Modernizing the clinical trial landscape is a high priority at the US Food and Drug Administration (FDA). In a 2019 press release, former FDA Commissioner Scott Gottlieb, MD, cited the push towards precision medicine as one of the drivers of this initiative. “The advent of precision medicine is challenging the entire medical research ecosystem to develop more efficient approaches to testing and developing diagnostics and therapeutics,” he noted.
Digital technology is changing the healthcare landscape every day. Clinical trial design can take advantage of these changes and utilize technology to shift to a decentralized research model. Read more below.
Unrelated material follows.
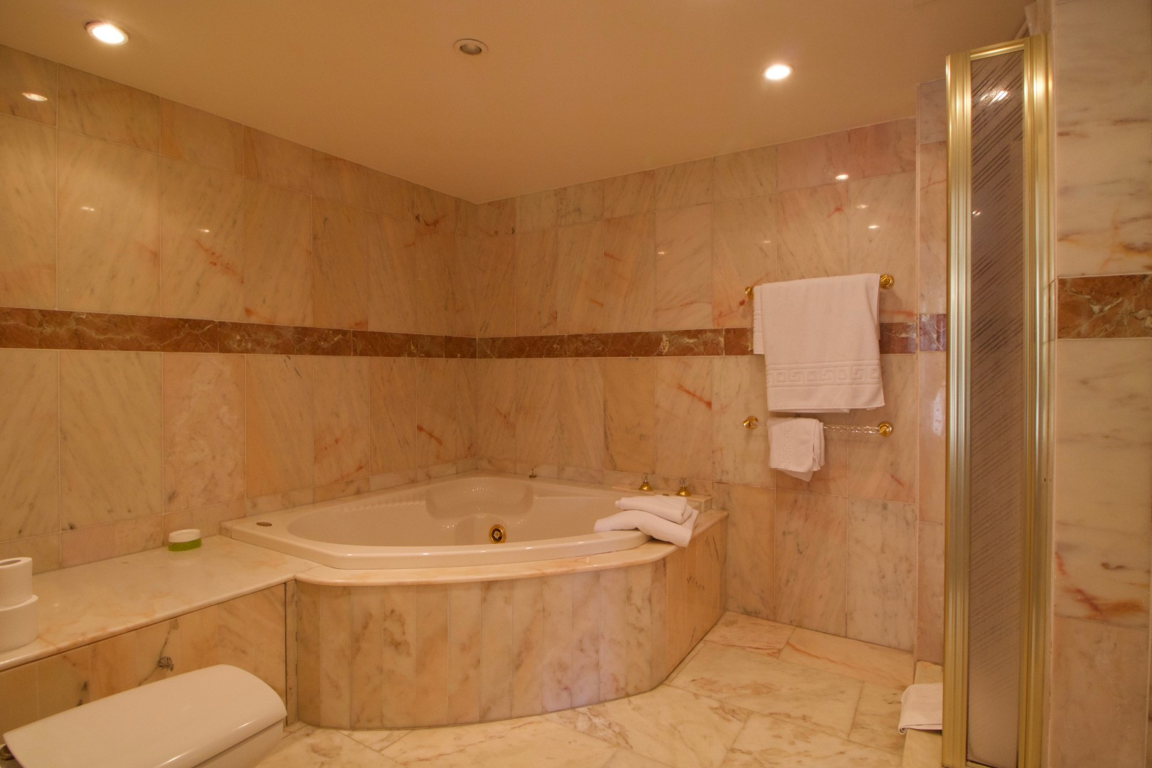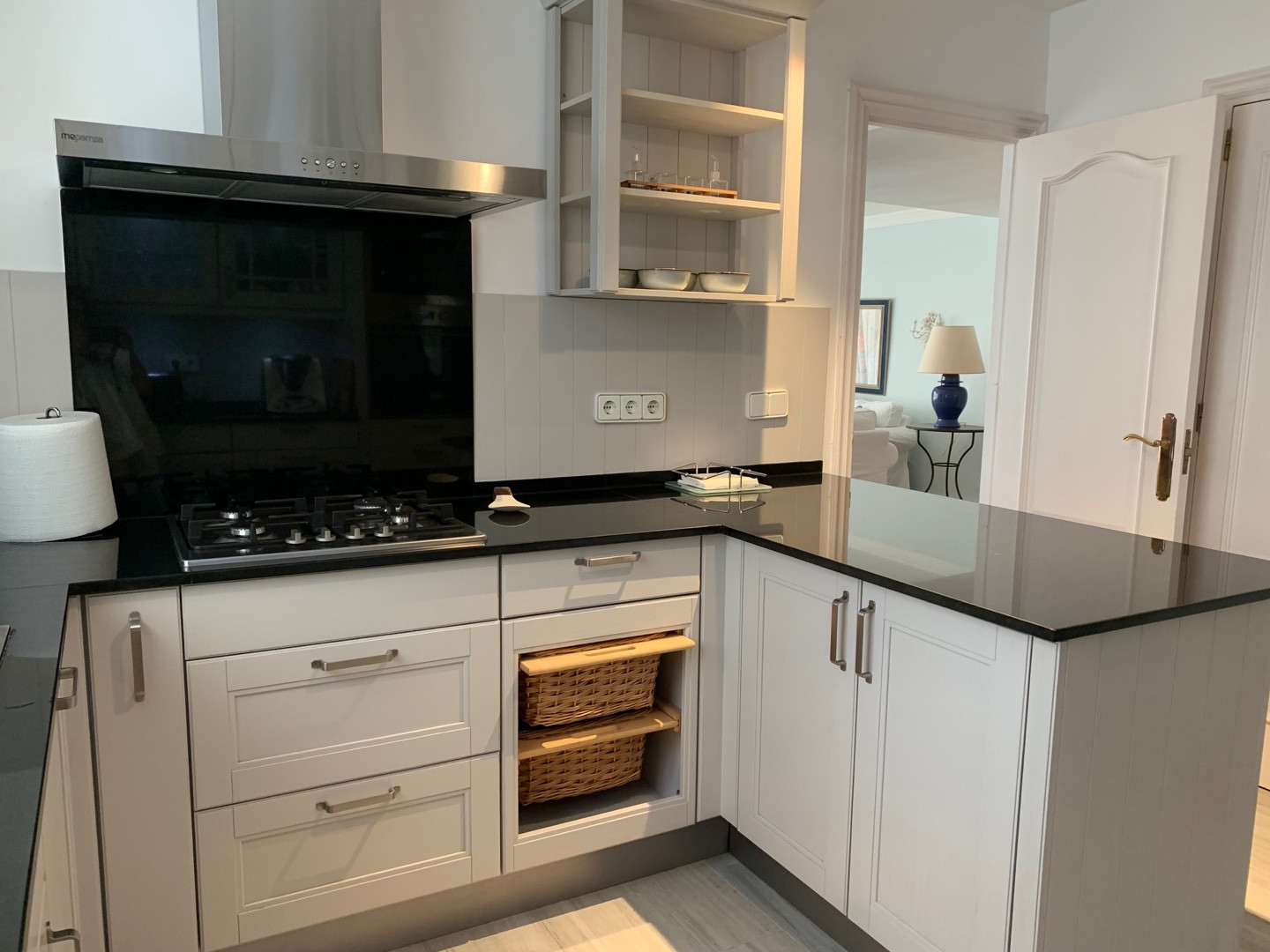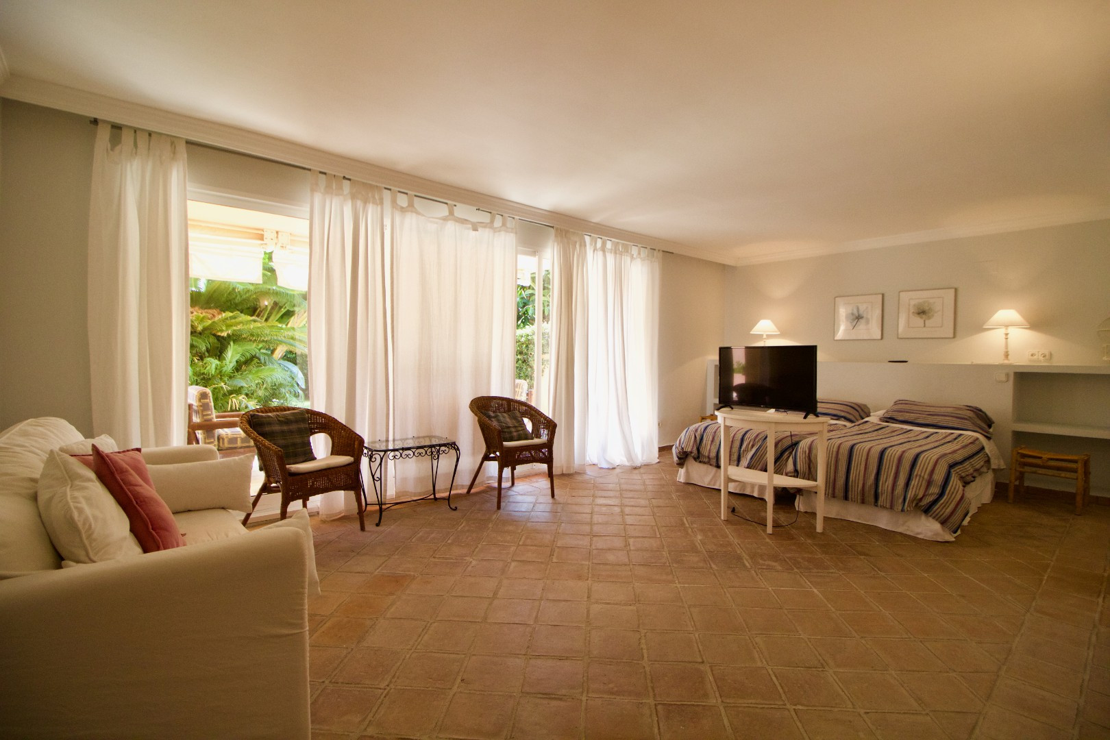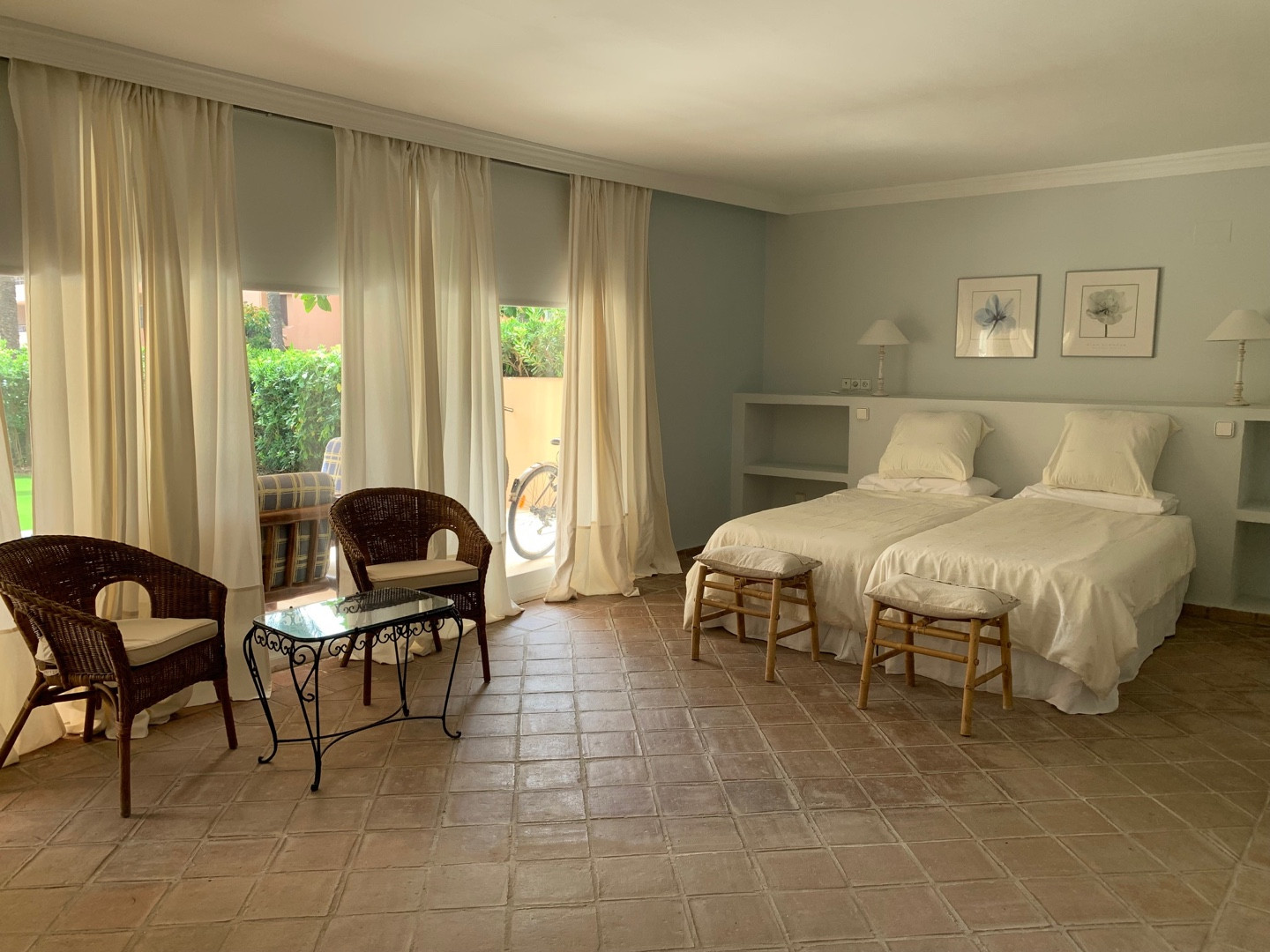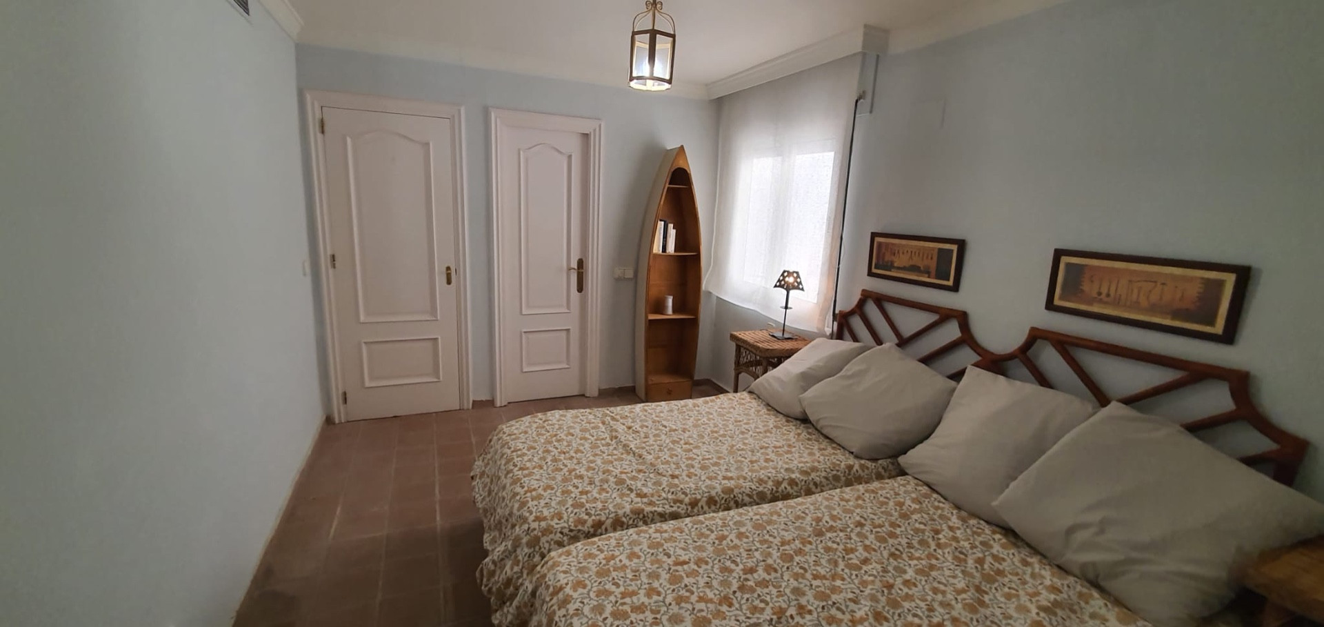 Apartamento situado en la planta baja con jardín privado orientado al sur. Consta de 4 dormitorios y 3 baños, salón comedor, cocina completa, terraza con jardín, 2 plazas de garaje. Se encuentra localizado muy cerca de la playa y a poca distancia club de playa y tenis el Octógono.

More recently, in a 2020 press release, FDA Commissioner Stephen Hahn said that many of the changes the agency will implement “represent an acceleration of where we were headed before.” This includes support for decentralized clinical trials, greater use of telemedicine technology in clinical trials, and work related to laboratory-developed tests.”
Decentralized clinical trials increase opportunities for drug developers. They reach more patients across wider geographic areas, improving sponsors’ abilities to study, for example, extremely rare diseases or patients with a specific genetic biomarker. To conduct these types of trials though, sponsors must embrace the power of technology—something that some sponsors are still reluctant to do.
Survey results published by DT Consulting indicate that clinical trial professionals still hesitate to integrate digital technology into their processes. Results also showed that up to 43% of clinical trial sites are not utilizing digital support tools, and the sites that are using these tools are using them only for patient recruitment. Cost, complexity, and identification of the right technologies are among the top-rated challenges in adopting digital technologies into clinical trials.
Artificial intelligence (AI) use in healthcare isn’t new—so leveraging AI technology for decentralized clinical trials is a logical next step. AI and machine learning can help sponsors make various decisions, like determining the ideal population for a particular study or the ideal primary and secondary endpoints to optimize results. AI might also have applicability in guiding outreach and recruitment strategies, bringing sponsors to the right participants and, subsequently, reducing participant dropout during the trial process.
Because the use of technology to recruit patients may ultimately result in larger numbers of clinical trial participants, another potential application for AI is parsing the much larger amounts of data collected by researchers. We can also use AI to monitor and enhance patient adherence to trial protocols, including survey completion or use of wearables.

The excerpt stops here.